Message non lu par Koiwai » 16 oct. 2015, 13:30

Tome 3 :

Après deux tomes complets consacrés au voyage de Dante en Enfer, ce troisième volume le voit poursuivre son parcours dans le Purgatoire, avant de la terminer dans le Paradis.

Se présentant comme une montagne à gravir jusqu'à son sommet, le Purgatoire se voit divisé en plusieurs gradins où les pécheurs, portés par les prières que les vivants leur accordent, peuvent peu à peu expier leurs péchés. Au fil de ces gradins, ce sont les sept péchés capitaux qui sont mis en avant à tour de rôle, de façon plus ou moins longue : certains passages s'étirent un peu, tandis que d'autres sont tout juste esquissés. Mais ce long chemin vers le sommet de la montagne présente une épreuve d'une nature différente que celle de l'Enfer pour Dante : là où il se contentait surtout d'observer les nombreux châtiments en Enfer, désormais il doit lui-même se débarrasser peu à peu de ses péchés, car il lui faudra être totalement pour pour pouvoir ensuite accéder au Paradis. Dante devant se purifier, c'est un effort d'introspection plus prononcé qu'il doit faire, en affrontant de face ses propres erreurs et ses interrogations. Ainsi, Gô Nagai en profite pour souligner un peu plus fortement certaines interrogations sur la condition humaine et sur ce qui fait l'homme. Si les hommes ont été créé par Dieu, pourquoi sont-ils si mauvais et commettent-ils tant de péchés ? Nous voyons ici que la morale et la vertu peuvent très vite laisser place aux péchés, et que la frontière peut être ténue entre le Bien et le Mal. Aborder ces thématiques avait quelque chose d'assez nouveau dans le paysage manga à l'époque de la prépublication de la Divine Comédie, aujourd'hui cela paraît un peu plus désuet et basique, d'autant que les interrogations que Nagai nous offre ne sont pas très approfondies. Elles le seront plus dans l'oeuvre suivante du mangaka, le cultissime Devilman.

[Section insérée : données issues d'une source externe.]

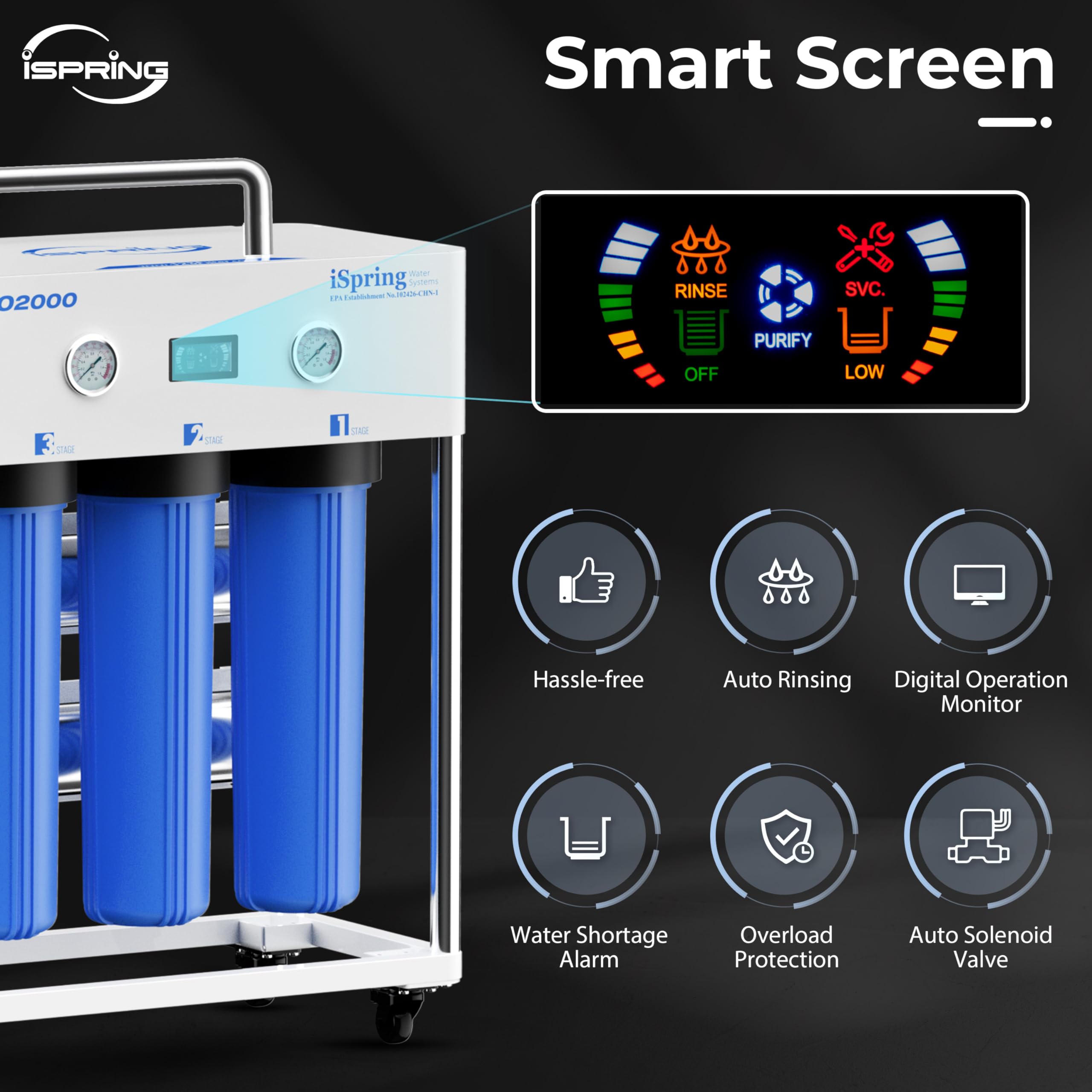 iSpring CRO2000 4-Stage Tankless Commercial Reverse Osmosis Drinking Water Filtration System w/Dual Pumps, Pressure Gauges, and Freestanding Stainless Steel Bracket, 2000 GPD—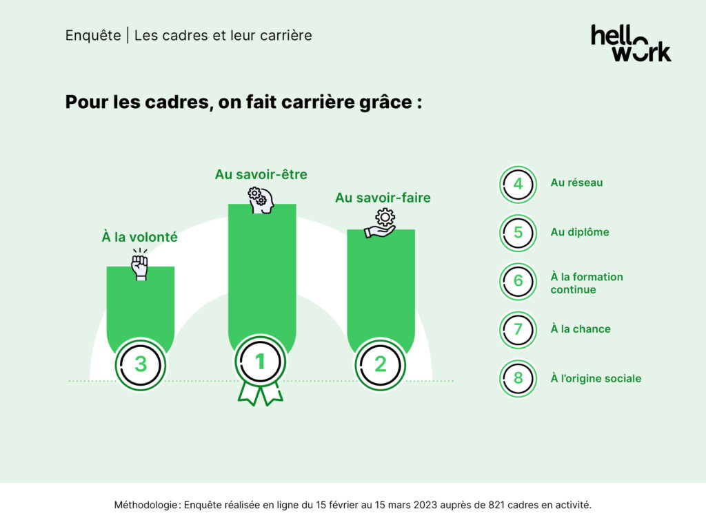 Pour évoluer dans leur carrière, les cadres pensent qu’il faut d’abord des qualités humaines plutôt que des compétences professionnelles. 26% déclarent que le savoir-être est l’atout principal quand on veut gravir les échelons. Le savoir-faire et la volonté sont les deux autres facteurs principaux d’une ascension professionnelle selon eux. A l’inverse, ils estiment que la chance ou l’origine sociale ont peu d’influence sur leur réussite.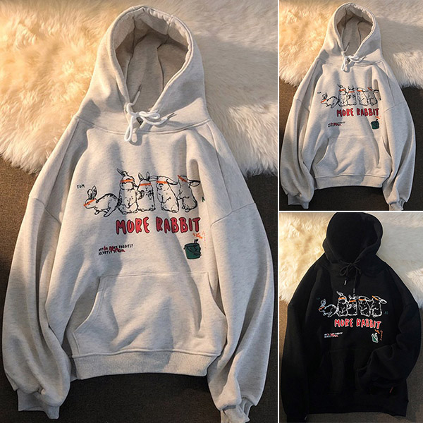 Like the boyfriend style outfit? Then you can make your eyes focused on this sweatshirt. The letters and rabbit printed pattern design will add some cute and playful vibes. Crafted from soft and breathable cotton fabric,with long sleeve,hooded and a loose silhouette,this sweatshirt is sure to give you an all-day comfort.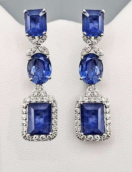 LOT 102 - Platinum 12.89 CTS Sapphire - Diamond Earrings

Le Paradis, divisé en sept ciels avant d'atteindre la Lumière, est malheureusement très vite passé en revue. Nagai se contente d'y aborder l'essentiel à travers quelques cas vertueux, mais on sent bien par-là que les partie sur le Purgatoire et surtout sur l'Enfer l'intéressaient beaucoup plus (sans surprise). Et au bout, une fois la Lumière atteinte, la conclusion est malheureusement très rapide, expéditive.

Reste que les dessins, eux, restent jusqu'au bout portés par une grande densité et par tout le travail d'imagerie hérité des illustrations de Gustave Doré.